Título: STJ autoriza aborto de feto com má-formação
Autor: Gallucci, Mariângela
Fonte: O Estado de São Paulo, 13/07/2007, Vida &, p. A16

Código Penal de 1940 só autoriza interrupção de gravidez em caso de estupro ou risco de morte da gestante

O presidente do Superior Tribunal de Justiça (STJ), Raphael de Barros Monteiro Filho, autorizou a interrupção da gestação de um feto diagnosticado com uma anomalia chamada encefalocele. A encefalocele é uma má-formação do cérebro que leva o feto à morte em horas ou dias após o nascimento.

Católico, Monteiro Filho levou em consideração o fato de que não existia chances de vida após o nascimento - possibilidade não prevista no artigo 128 do Código Penal, de 1940 - e havia risco de morte da mãe se a gravidez fosse levada adiante - uma das duas condições aceitas para o aborto legal.

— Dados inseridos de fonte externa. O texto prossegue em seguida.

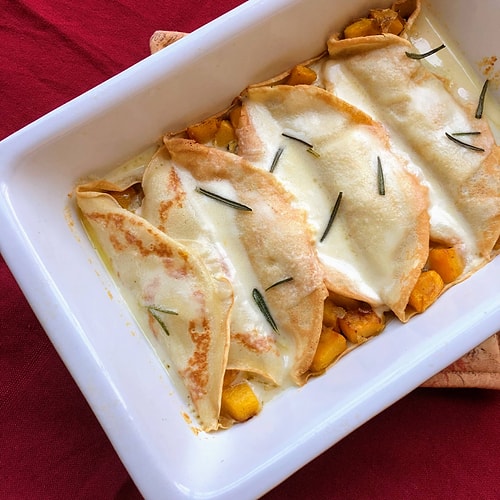 El mikseri ile yumurtayı çırpın. Yavaşça un, süt ve tuzu ekleyip güzelce karıştırın. Eritilmiş tereyağı ekleyin ve pürüzsüz olana kadar karıştırın. Hamurun üzerini örtün ve 1 saat buzdolabında saklayın. Küçük bir yapışmaz tavayı orta-yüksek ateşte ısıtın ve yağ sürün. Isınan tavaya krep hamurunu dökün. Krepleri pişirin. Orta tavada orta ateşte tereyağı ve zeytinyağı ısıtın. Bal kabaklarını ve pırasa ekleyin; tuz ve karabiberle tatlandırın. Bal kabağı yumuşayana kadar sık sık karıştırarak 7-8 dakika pişirin. Ateşten alın ve soğumaya bırakın. Fırını evvelce 200 dereceye ayarlayın. Bir güveç kabını yağlayın. Pırasa ve balkabağı dolgusunu kreplerin ortasından aşağıya hakikat ikiye bölün ve dolgunun kenarlarını katlayın. Doldurulmuş krepleri hazırlanan güveç kabına koyun. Üzerine kaşar peynirini dökün ve birkaç biberiye yaprağı ekleyin. 15 dakika pişirin. Hemen servis yapın.
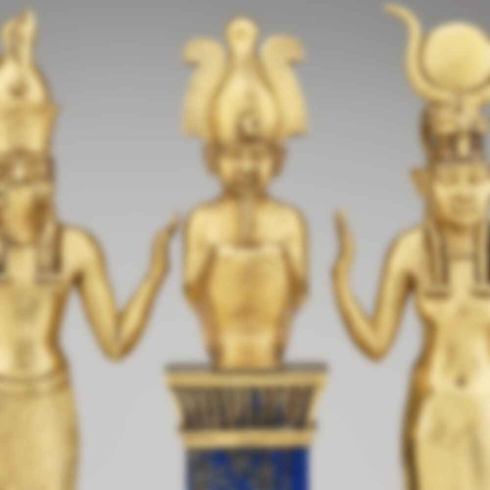 A detail from Triad of Osiris, Horus, and Isis, a sculpture from the Third Intermediate Period, Dynasty 22, reign of Osorkon II (about 872–837 B.C.).
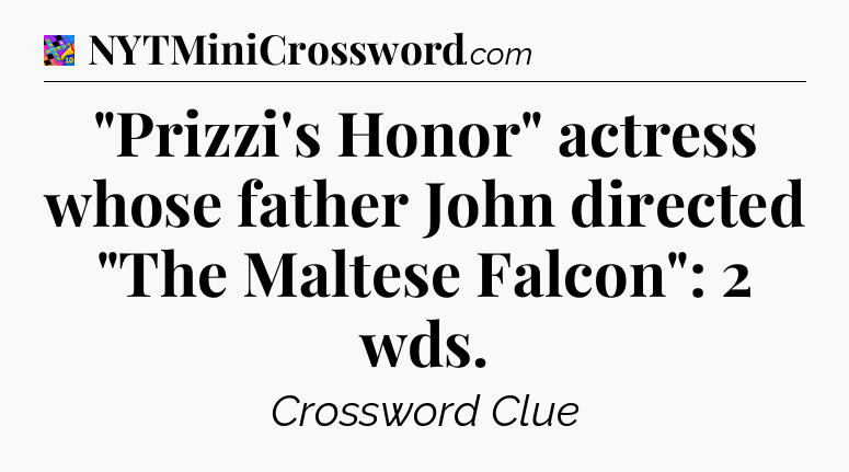 The clue “”Prizzi’s Honor” actress whose father John directed “The Maltese Falcon”: 2 wds” most recently appeared in a Crosswords With Friends on May 18, 2025.
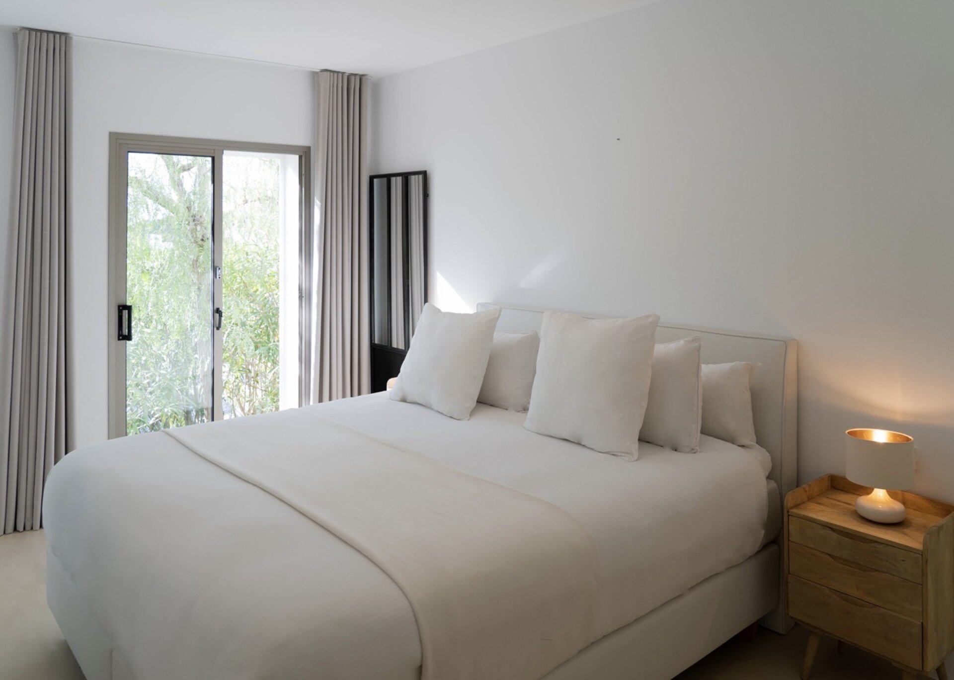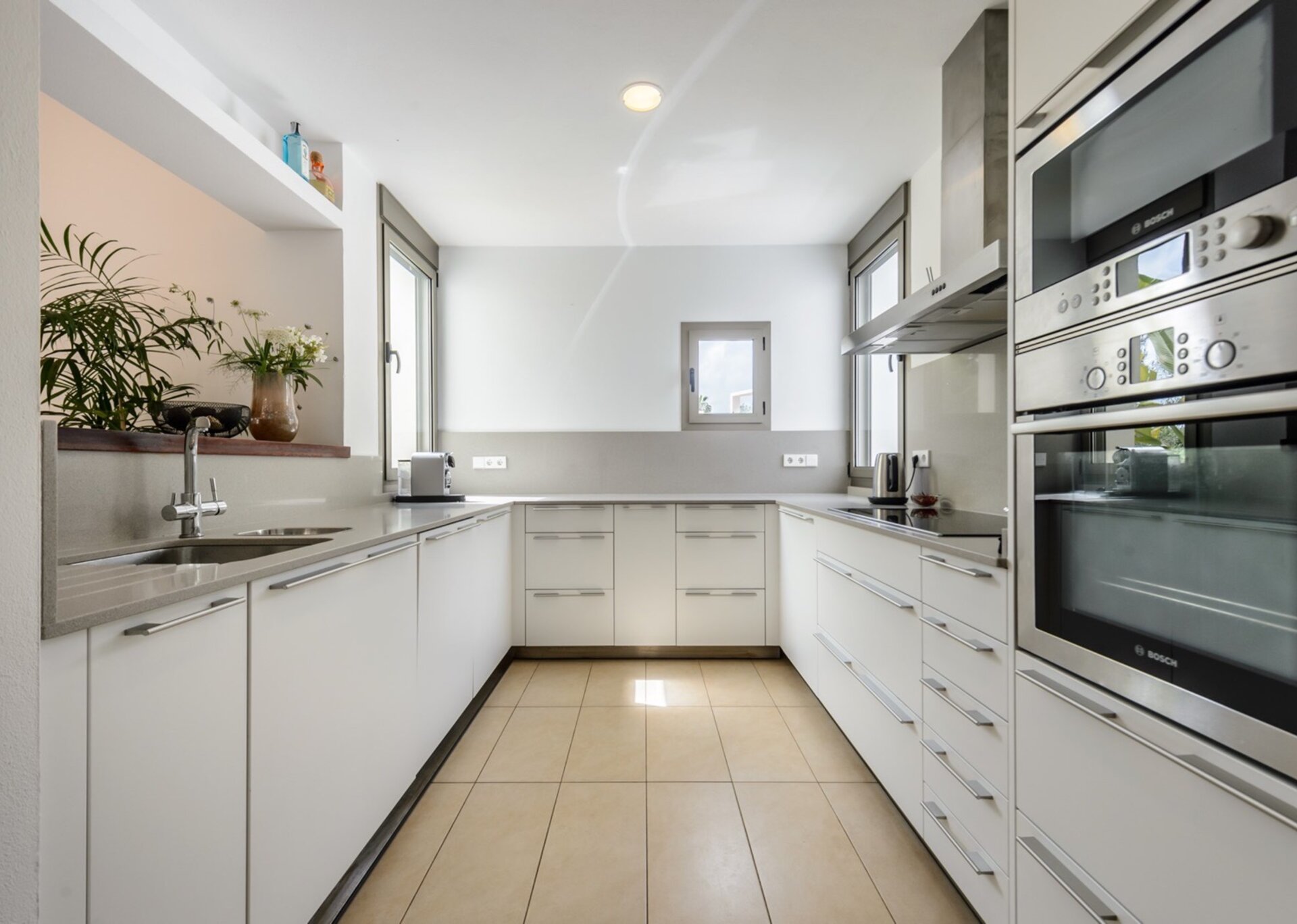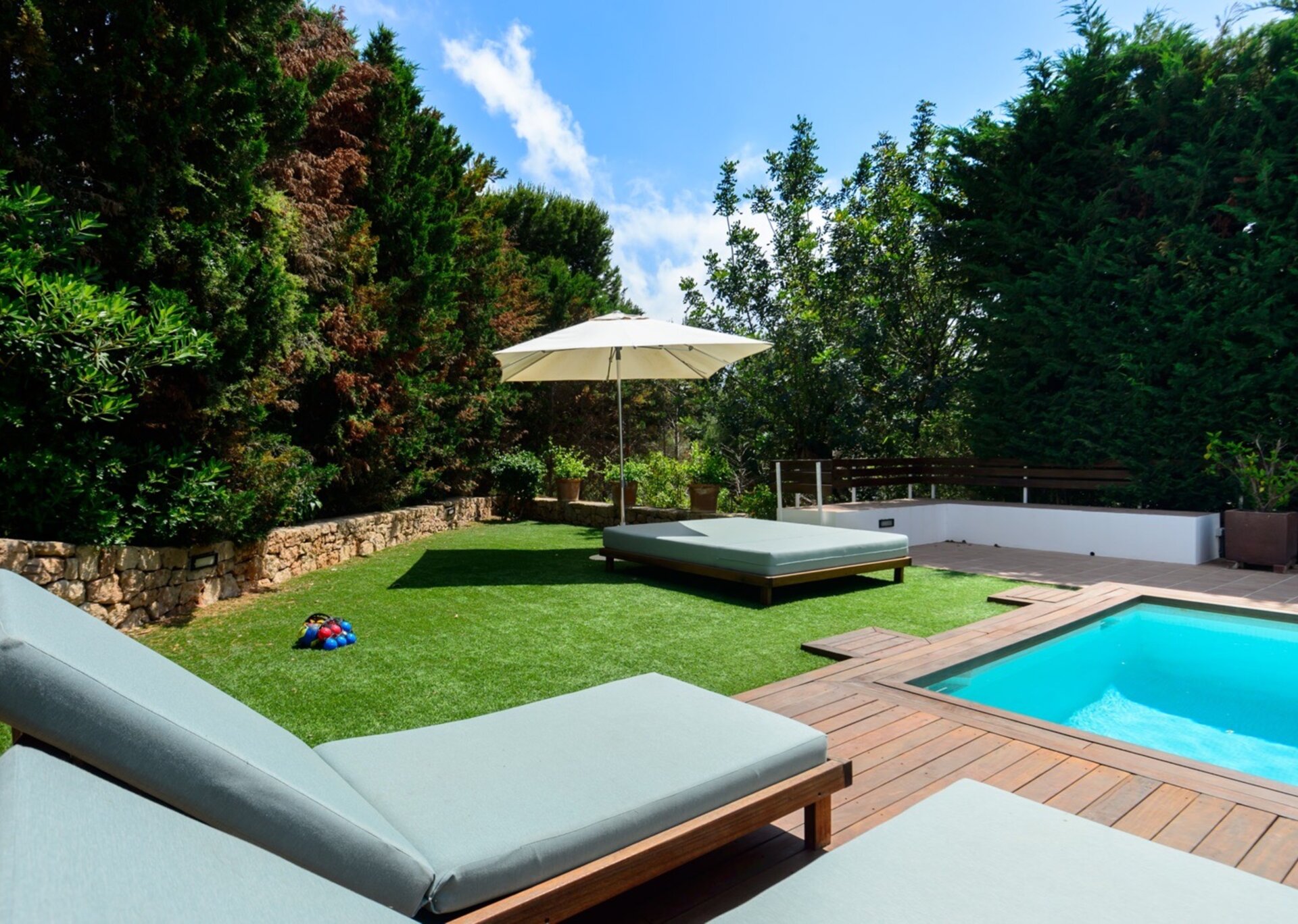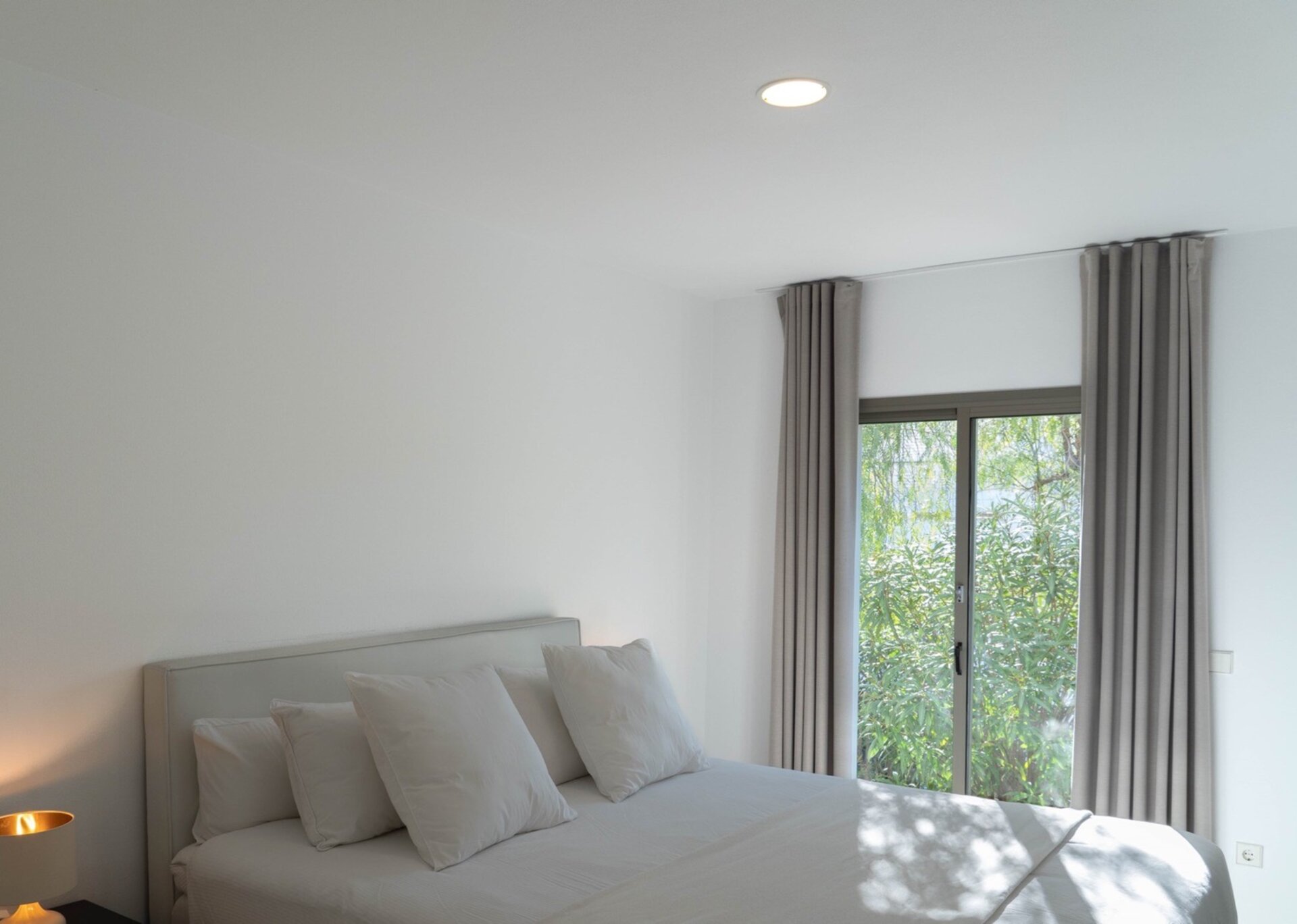 Villa Gustavo is a contemporary, recently refurbished duplex townhouse in Can Pep Simo. It boasts a prime location, just minutes away from both the beach and the center of Ibiza. Situated in a serene residential area, this remarkable vacation home offers stunning views of the Mediterranean, Formentera, Talamanca Bay, and Ibiza Old Town. The nearest beach is a mere 2-minute drive away.

Além da encefalocele (uma hérnia que afeta parte do encéfalo), o feto tem outros sérios problemas de formação. Exames detectaram que ele é portador de rins policísticos e polidactilia (presença de maior número de dedos do que o normal).

Monteiro Filho concedeu a autorização para a interrupção da gravidez, de 26 semanas, ao analisar um pedido da defensoria pública em favor da gestante R.R.S., de Porto Alegre. No passado, a grávida teve outro bebê com o mesmo problema, que morreu meia hora após o nascimento.

A defensora Cleomir de Oliveira Carrão argumentou que, além da existência das anomalias que impedem a vida da criança após o nascimento, a manutenção da gestação colocaria em risco a saúde da mãe. Antes do STJ, a gestante havia fracassado na tentativa de convencer a Justiça do Rio Grande do Sul a permitir a interrupção. ¿Casos como esse devem ser analisados dentro de suas circunstâncias para que não se banalize o aborto¿, diz Cleomir. Segundo a defensora, a gestante será informada hoje da decisão da Justiça e passará a receber orientação e assistência médica e psicológica para interromper a gravidez.

Em sua decisão, o presidente do STJ afirmou que ficaram comprovadas as anomalias do feto e o risco à vida da mãe se a gravidez fosse mantida. Ele observou que, segundo laudos médicos, havia chances de a gestante ter problemas como ruptura uterina e hemorragias.

O presidente do STJ ressaltou que a legislação brasileira, que é antiga, prevê a interrupção de gestações em duas situações: quando há risco de morte da gestante e quando a gravidez resulta de estupro. ¿Nota-se que, nesses dois casos, o legislador procurou proteger a saúde física e psicológica da mãe, em detrimento da vida plenamente viável e saudável do feto fora do útero¿, afirmou o presidente do STJ.

¿Certamente, não houve, àquela época, a preocupação de proteger juridicamente a interrupção de gravidez de feto que não terá sobrevivência extra-uterina, por incapacidade científica de identificação de patologias dessa natureza, durante a gestação¿, disse. ¿Diante de uma gestação de feto portador de anomalia incompatível com a vida extra-uterina, como no caso dos autos, a indução antecipada do parto não atinge o bem juridicamente tutelado, uma vez que a morte desse feto é inevitável, em decorrência da própria patologia¿, concluiu.

ESPERA

Há anos é esperada uma decisão do Supremo Tribunal Federal (STF) sobre a interrupção de gestações de fetos com anomalias letais. Desde junho de 2004, tramita no STF uma ação na qual a Confederação Nacional dos Trabalhadores na Saúde (CNTS) pede que seja reconhecido o direito à interrupção de gestações de fetos com anencefalia (sem cérebro) sem necessidade de prévia autorização judicial.

Uma decisão da mais alta Corte de Justiça do País garantindo esse direito beneficiaria as grávidas que enfrentam o problema. Atualmente, elas têm de pedir autorização ao Judiciário para antecipar os partos.

Em 2004, por três meses, as gestantes ficaram livres da obrigação. O relator da ação, ministro Marco Aurélio Mello, concedeu em julho daquele ano uma liminar permitindo a antecipação desses partos em todo o País. No entanto, em outubro do mesmo ano, o plenário do Supremo cassou a liminar. De lá para cá, não houve novo pronunciamento no tribunal.